Every time QPR had a free kick, the ball was nudged off the spot, or in one egregious example when Chair was trying to take a quick one in a dangerous area, picked up and carried away by Ben Brereton. If there are Rovers fans looking in thinking these are the bitter, tired excuses of a beaten team then allow both regular readers to set you straight. This has been a pet peeve for a while. Every team in the Championship seems to exist purely to get a goal up, and then start wasting time. Every referee in the division does fuck all about it — occasional point at the watch, occasional get on with it gesture with the hands, but never a yellow card, and always the standard 1-2 minutes at the end of the first half, 4-5 at the end of the second. A referee at this level who we have rather a lot told a friend of mine after one of our games last year "their keeper was even pissing me off with it by the end, but QPR didn’t say anything so I just let it go”. It’s such a chronic issue, and such an easy fix, for a sport that’s currently destroying itself as a spectacle spending interminable amounts of time and money judging whether Patrick Bamford’s armpit hair is offside, to remedy a problem that only really existed in the mind of professional idiots like Chris Kamara in the first place.

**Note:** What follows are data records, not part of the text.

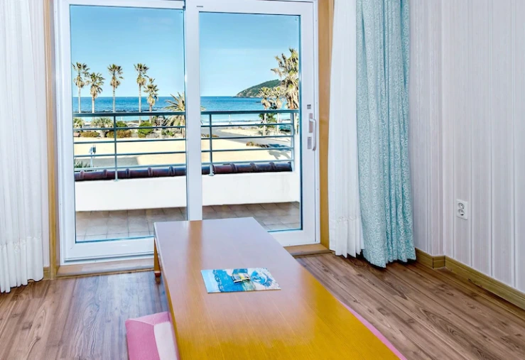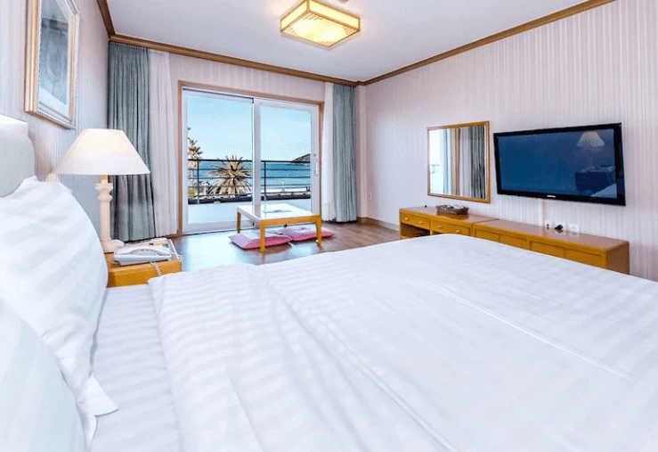 아이와 함께 또는 부모님을 모시고 온 여행자에게 추천하는 가성비 제주 함덕 숙소 객실이다. 침대도 구비해놨다. 이외 TV와 좌식 책상, 냉장고, 전기 포트를 갖췄다. 무엇보다 창문 밖 오션뷰가 환상적이다.
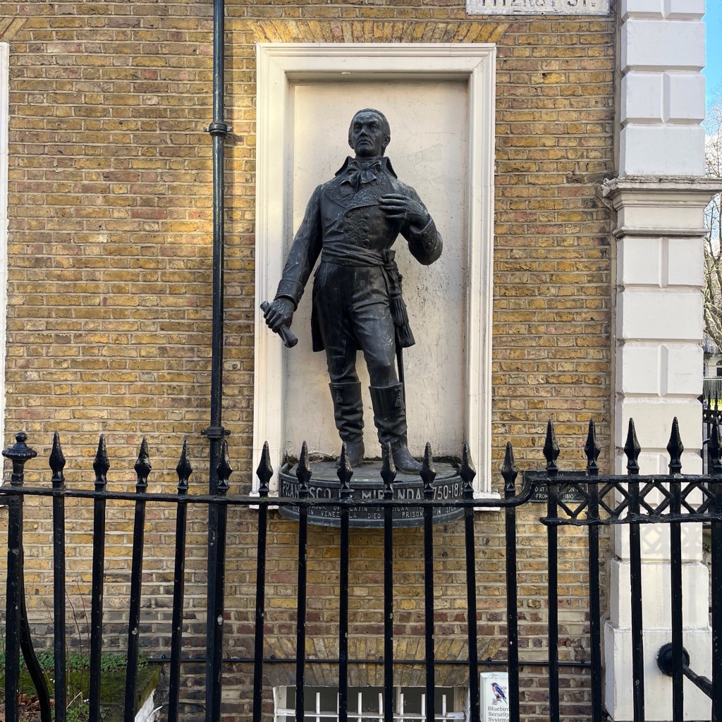 As is inevitably the case in these areas there are a number of blue plaques relating to people you have never heard of. My favourite example of this is a man who doesn’t just merit a blue plaque but gets a whole statue to himself on the corner of Fitzroy Street and Fitzroy Square. General Francesco de Miranda lived in this area between 1802 and 1810. If you look him up on Wikipedia you’ll find that he was a colourful but ultimately unsuccessful character who would probably have pride of place place in a book about failed revolutionaries.
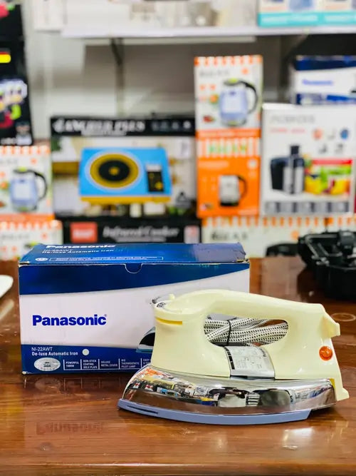The Panasonic NI-22AWT also features an automatic thermostat, powerful 1000W heating, and a pilot lamp indicator for safe operation. Designed for durability, performance, and smooth ironing—perfect for home and professional use.
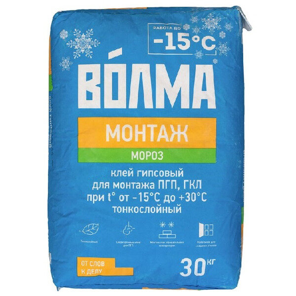 Волма Монтаж клей гипсовый монтажный для ПГП морозостойкий (30кг) / волма Монтаж Мороз клей гипсовый для монтажа ПГП тонкослойный (30кг) интересное:
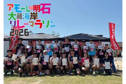 明石海峡大橋、淡路島を望む最高のロケーションでのリレーマラソンとなります。 気持良い春の潮騒が吹く大蔵海岸公園で仲間と楽しく走りませんか? 駅より徒歩2分の利便性の良さ。参加賞は明石焼きセット・たこ焼きソースと温泉割引券です♪大会MCもいて盛り上がる事間違いなしです~
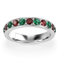 This Emerald wedding ring is casted in 18k White Gold and set with fine quality Emerald and Ruby. All of the gemstones we use are of the top 10% available, those found in fine quality boutiques across the world. This Emerald wedding band can also be added to your collection of minimalist Emerald rings. This Classic Wedding Band Consists Of A Channel Set Appearance, with The Traditional Prong Set Stones, Giving Added Security To The Gemstones. Free shipping, returns, resizing, and a lifetime warranty ensure you love your purchase.
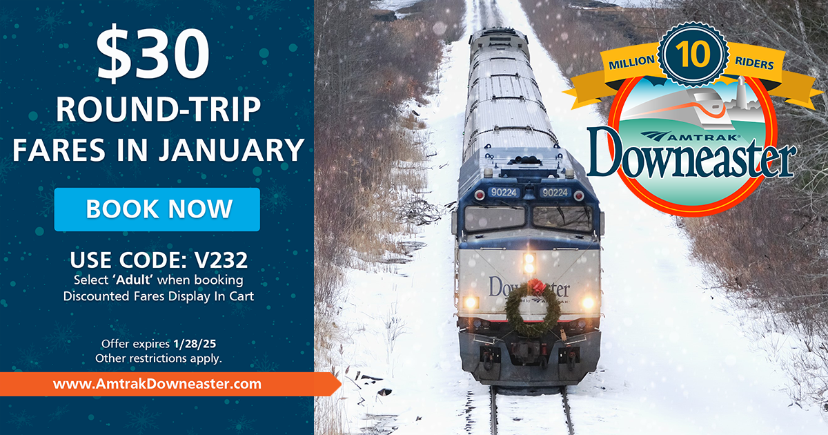 The team at NNEPRA are excited to announce that we are just a handful of weeks away from seeing our 10 millionth rider board the Amtrak Downeaster. To celebrate we are offering $30 roundtrip fares in January 2025! This is the Amtrak Downeaster’s BEST deal of the year. No blackout dates. Don’t pay more than $15 each way when you book today. Must use promo code V232 and book at least 3 days in advance of travel to receive this discount.
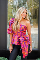 Who doesn't love a one shoulder moment?! The Amelia Top in Party Prowl offers it all - A puff sleeve one shoulder top with a tie waist and peplum body.
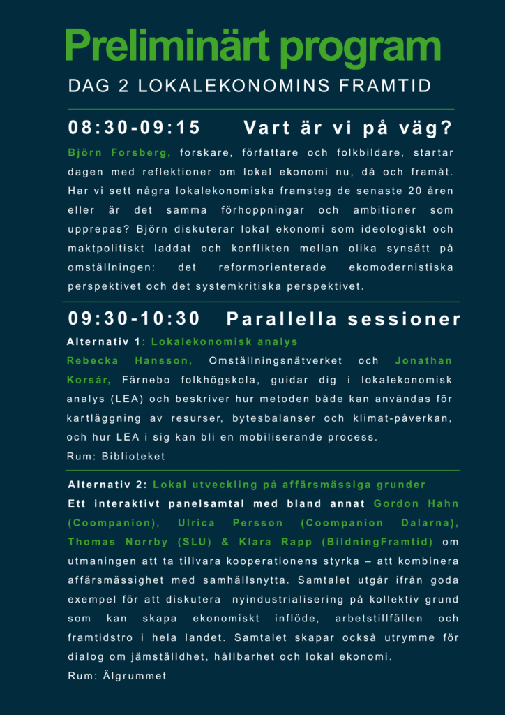 Konferensen utforskar hur kapitalflöden, företagande och lokalt engagemang kan skapa arbetstillfällen, stärka samhällsservice och bygga framtidstro. Som deltagare får du ta del av både forskning och praktiska exempel från olika delar av landet, där lokala initiativ har gjort skillnad för människor och bygder. Som en del av konferensen lanseras också boken ”Sätt ekonomin på plats!”, en samling berättelser, analyser och verktyg för att förstå och utveckla lokalekonomi i praktiken. Författarna ger nya perspektiv på hur lokalsamhällen kan bli mer robusta, hållbara och rättvisa i en tid av globala utmaningar.
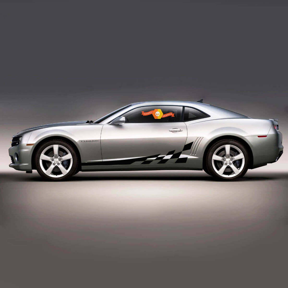 Enhance your Chevrolet Camaro (2010-2015) with our high-quality checkered rocker panel side vinyl stripes. Designed specifically for a perfect fit, these decals add a sporty and eye-catching look to your car’s exterior.
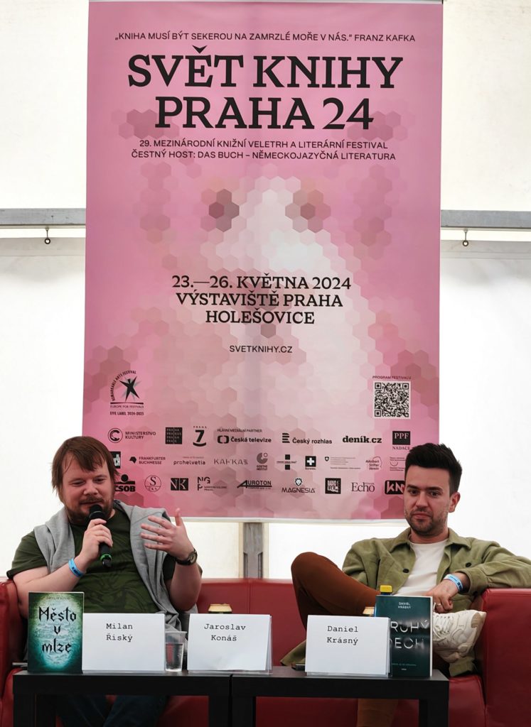 24. 5. 2024 SVĚT KNIHY 2024 Knihy českých autorů u nás čtenáři milují a je tedy potřeba vyhledávat nové talenty na literární scéně. Nás zaujala beseda „Mysteriózní thrillery od českých autorů“. Spisovatelé Jaroslav Konáš a Daniel Krásný překvapili a představili svá nová díla Město v mlze a Druhý dech. Jistě v budoucnu o nich uslyšíme.
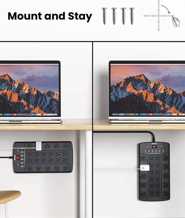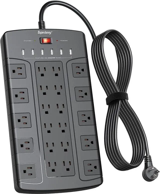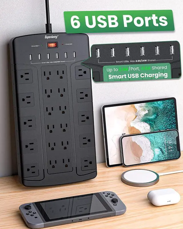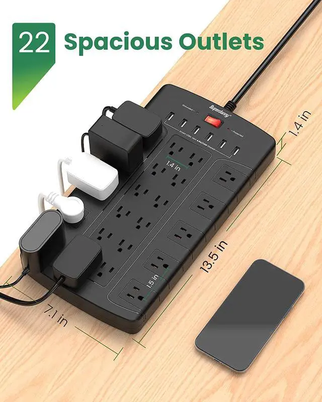 22 grounded 3-prong outlets and 6 USB ports power all devices at one location, greate for charging multiple devices like game systems, TV, surround sounds, router, charger stations for controllers, phones, tablets, laptops.
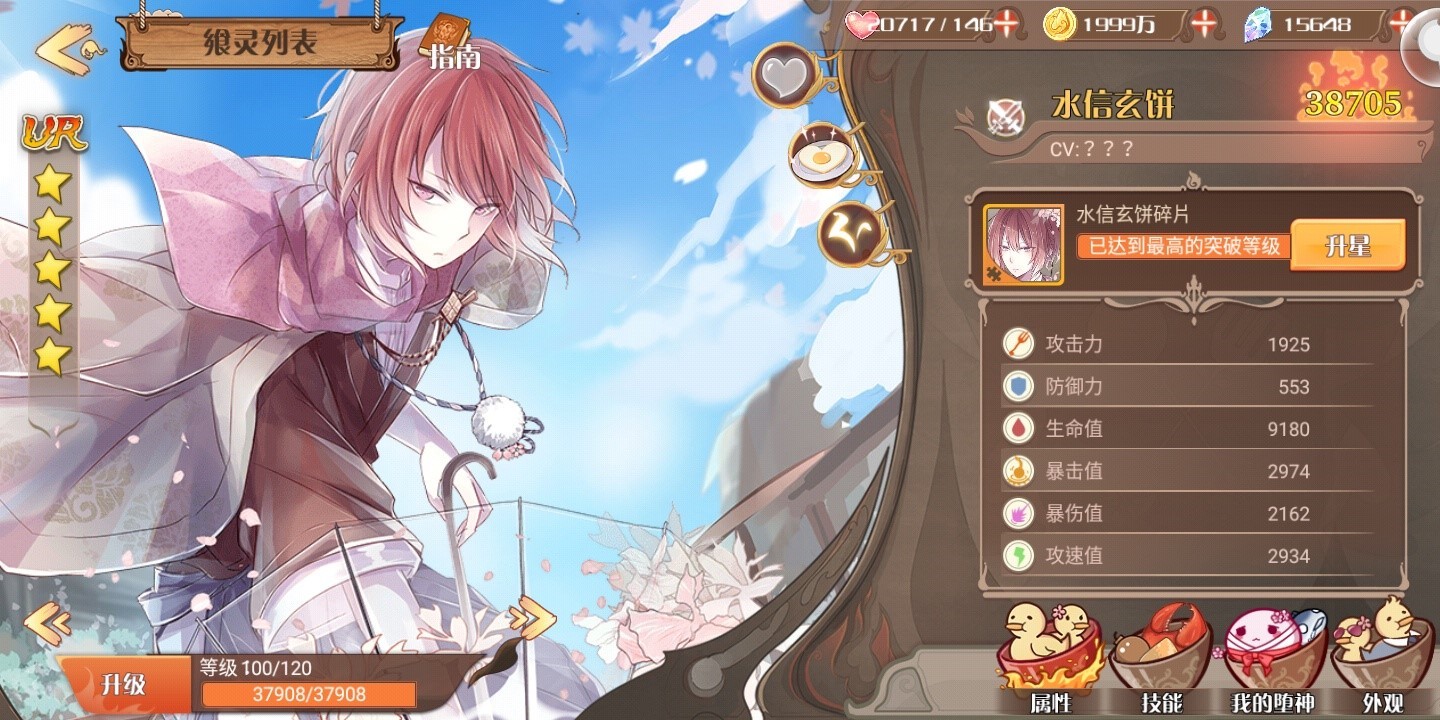 不是什么天生强大的飨灵,而且似乎因为一些事情,对人对事总是很悲观,但水信玄饼资质聪颖确是不容忽视。传说中,水信玄饼可以让御侍通过与它的共鸣,发动强大的水系技能, 然而代价是御侍的身体被强大水属性能量腐蚀后逐渐衰弱,并且上一任御侍就是因为交换力量过多承受不住而挂掉了。也正是因为这样,水信玄饼觉得自己是加速死亡的不详飨灵,需要一位天赋强大的御侍大人,才能够扭转他敏感脆弱的内心。

Game slowed to a Bob Malcolm-pace, there were two chances for Rangers to equalise. No surprise to see Willock at the heart of both of them — first teeing up Bonne for a touch back to Chair and a shot deflected wide, then setting himself up with a super touch and turn for a shot that beat the keeper and missed the far corner by a foot. I thought it was in, and he surely will be from the start when we return after the international break. But it needed a Bonne block on 85 to prevent Johnson tying it up at 3-1 and with Rangers understandably over committed in the standard five minutes of added time, Armstrong was able to break for a second time and do exactly that, although Dieng did save the first attempt. In truth, though Rangers had been better second half, and Willock looked superb, it was fair enough, and only the goalkeeper had prevented it from being worse still.

Six points from nine, still a successful week we'd all have been very happy with eight days ago.

Links >>> Ratings and Reports >>> Message Board Match Thread

Blackburn: Kaminski 6; Nyambe 6, Lenihan 6, Wharton 6, Rankin-Costello 7; Evans — (Buckley 5, 6), Johnson 6, Rothwell 7; Elliott 7 (Dolan 90+3, -), Brereton 7 (Gallagher 82, -); Armstrong 8

Subs not used: Davenport, Trybull, Grayson, Eastham

Goals: Brereton 50 (assisted Lenihan), Armstrong 73 (assisted Brereton), 90+5 (assisted Johnson)

Bookings: Johnson 64 (shithousing)

QPR: Dieng 8; Kane 5, Dickie 5, Barbet 6, Hämäläinen 5; Ball 5 (Kakay 46, 6), Cameron 6; Adomah 5 (Willock 46, 7), Carroll 5, Chair 5; Dykes 5 (Bonne 67, 6)

Subs not used: Wallace, Masterson, Bettache, Kelly

Goals: Dykes 61 (penalty, won Dickie)

Bookings: Kane 8 (foul), Dickie 21 (foul), Bonne 90+3 (foul)

QPR Star Man — Seny Dieng 8 Nine shots on target from Rovers here, six of them saved by Dieng, one of them exceptionally from Lenihan — as good a save as you’ll see anywhere. Rather disturbing that QPR have conceded three in two of the last three away games and Dieng has been man of the match on both occasions for making sure it wasn’t worse. Chris Willock ran him close, must surely be pushing for a start now.

Tim Robinson (Sussex) 6 Fine, big decisions correct, penalty bang on, bookings no arguments, possibly quite generous with Dickie on another occasion, but if you can’t be arsed to police clock running this clear and obvious then I can’t be arsed to give you more than a six.